High-flying school-based sixth form preparing students for world’s best universities by running one of Britain’s only human evolution societies
The Human Evolution Society is proving incredibly popular at the King Alfred School Academy in Highbridge. The society is run by a former palaeoanthropologist and is the only one of its kind in the UK that helps prepare A level students for a range of careers in top universities.
All the students complete an advanced course in human evolutionary anatomy that gives top-level preparation for careers such as medicine.
This year the Human Evolution Society student leaders are co-presidents Olivia Earthy, who is applying to read Medicine at Oxford, and Grace Huggins who is applying to read Psychological and Behavioural Sciences at Cambridge.
Olivia said: “Being a member of the Human Evolution Society is brilliant preparation for my Oxford application.

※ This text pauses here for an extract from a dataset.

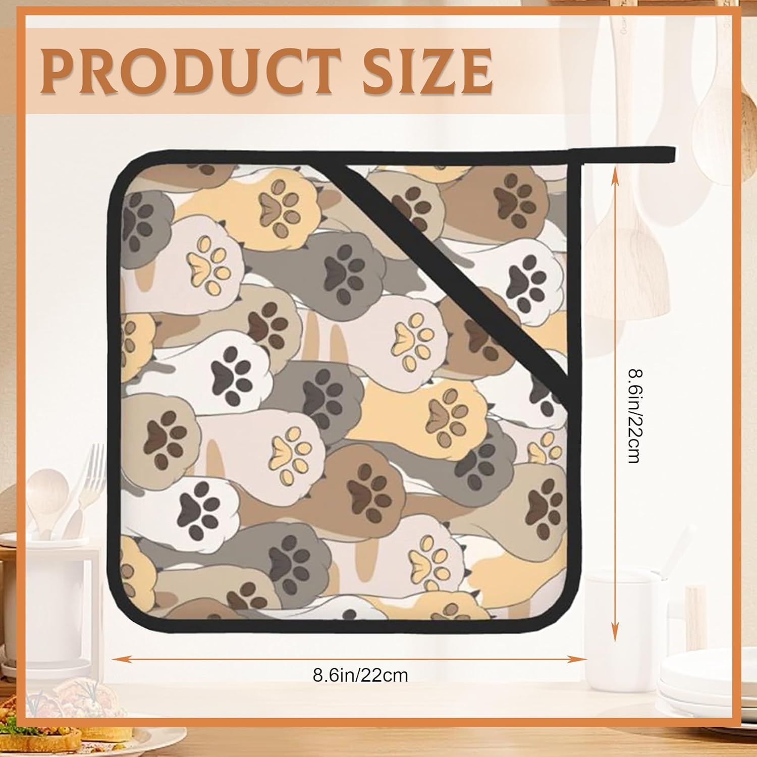 Cat Cute Paw Footprints Pot Holders Set of 2 Heat Resistant Potholders,Fire Oven Hot Pads for Kitchen Cooking Baking Barbecue

It offers me the chance to study so-called mismatch diseases - those preventable illnesses and ailments such as cancer, heart disease, stroke, type 2 diabetes, back pain, anxiety, depression, obesity and flat feet were rare in our ancestors but more common today. These studies show how our bodies and anatomy are not well suited for modern environments where we are inactive for large parts of each day'.”
Other HES members include Amy Taylor (Earth Sciences), Eloise Hopkins-O'Driscoll (Archaeology), Erin Murray (Psychology), Millie Thomas (Biochemistry) and Dillon Xu Britton (Neuroscience) and they are all benefiting from the interdisciplinary study of human evolution.

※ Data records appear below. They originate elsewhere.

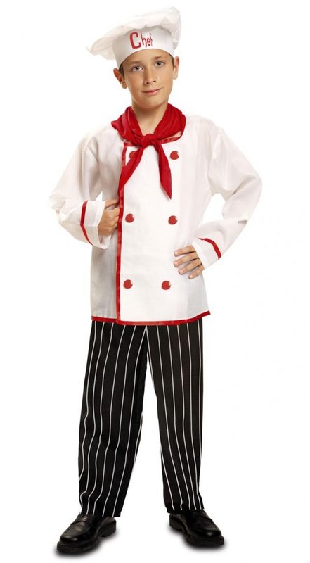 Součástí kostýmu kuchaře je čepice, šátek, košile a kalhoty. Bílá košile s dlouhým rukávem, který je ozdoben červeným proužkem. Stejným proužkem je lemován výstřih, zapínání a spodní lem košile. Na hrudníku je šest červených knoflíků. Kolem krku je črvený šátek. Ke kostýmu patří také černé kalhoty s bílými proužky a bílá kuchařská čepice s červeným nápisem CHEF.
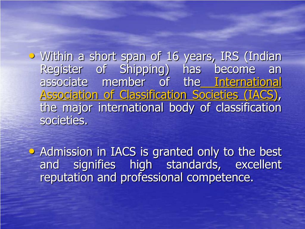 Within a short span of 16 years, IRS (Indian Register of Shipping) has become an associate member of the International Association of Classification Societies (IACS), the major international body of classification societies. • Admission in IACS is granted only to the best and signifies high standards, excellent reputation and professional competence.
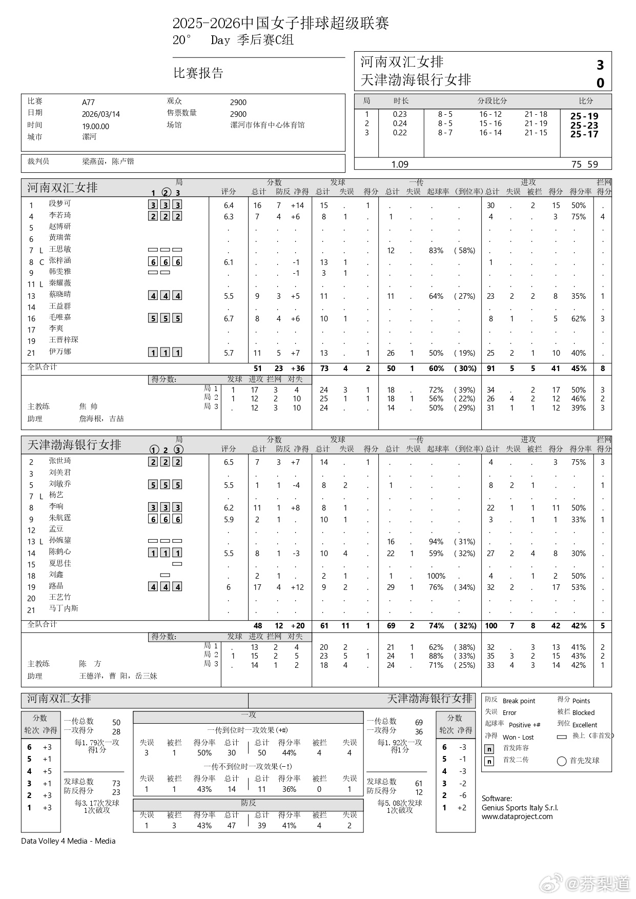 2025-2026赛季中国排球超级联赛天津渤海银行女排河南女排3-0天津女排的技术统计,路晶17分最多,歌星9分 23扣8中2失误2被拦 1拦

Students study museum-grade fossil hominin replicas from the last seven million years of evolutionary history and conduct comparative anatomical analysis along with skeletons of modern humans and chimpanzees, our closest living relatives.
Each student has a fossil replica to analyse before delivering a presentation to the group on their specimen's evolutionary significance.
So far this year students have focussed on the origins of bipedalism (upright walking) and the genus Australopithecus in particular, species of human ancestor that lived in East and South Africa from approximately 4.2 to 1 million years ago.
A highlight for many students was having the opportunity to study the fossil remains of the famous 'Lucy' skeleton, a 3.3 million year old skeleton belonging to Australopithecus afarensis, which showed clear signs of bipedal walking in the anatomy of her pelvis.
During the spring and summer, students will be studying the evolution of the genus Homo including the famous Neanderthals and the origins of modern humans in Africa before they migrated to settle in all continents on Earth.
The Human Evolution Society supports students to make competitive applications to the top UK universities.